In 12 short weeks, the San Diego Chargers will be allowed to begin discussions with other cities interested in hosting the NFL team. The Chargers will be able to get out of their long-term Qualcomm Stadium lease after the 2008 season by paying off the balance of the $60 million in bonds sold in 1997 to pay for stadium improvements. While team officials say all the right things about wanting to remain in the San Diego area without receivng any new public subsidies, many remain skeptical. Nevertheless, at this point, there are reasons to be optimistic a deal can be struck that satisfies both the team and wary taxpayers.
So far, unfortunately, the most concrete development is a negative one: the collapse earlier this year of team-city negotiations that could have led to construction of the new, state-of-the-art stadium the Chargers sought on the Qualcomm site in Mission Valley, combined with a residential-commercial development needed to pay for it.
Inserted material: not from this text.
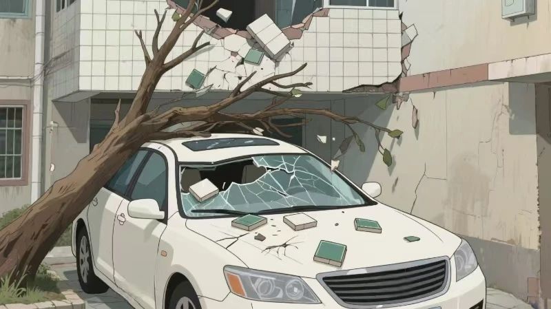 被脱落的瓷砖和枯树砸中
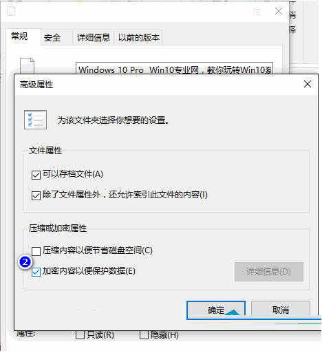 2、即可看到“加密内容以掩护数据”选项是处于勾选状态的。取消勾选“加密内容以掩护数据”即可。

Mark Fabiani, the attorney who's been the team's point man in stadium discussions, says between the complications posed by the city's vast fiscal problems and the monkey-wrenching tactics of City Attorney Michael Aguirre, there is no way investors could be found who would be willing to risk hundreds of millions of dollars on the Mission Valley project. (See Q&A, Page G5)
This leaves, the Chargers say, two alternatives for a new stadium and related mixed-use development: a private site owned by Home Fed Corp. in Chula Vista and a public parcel near the bayfront in National City.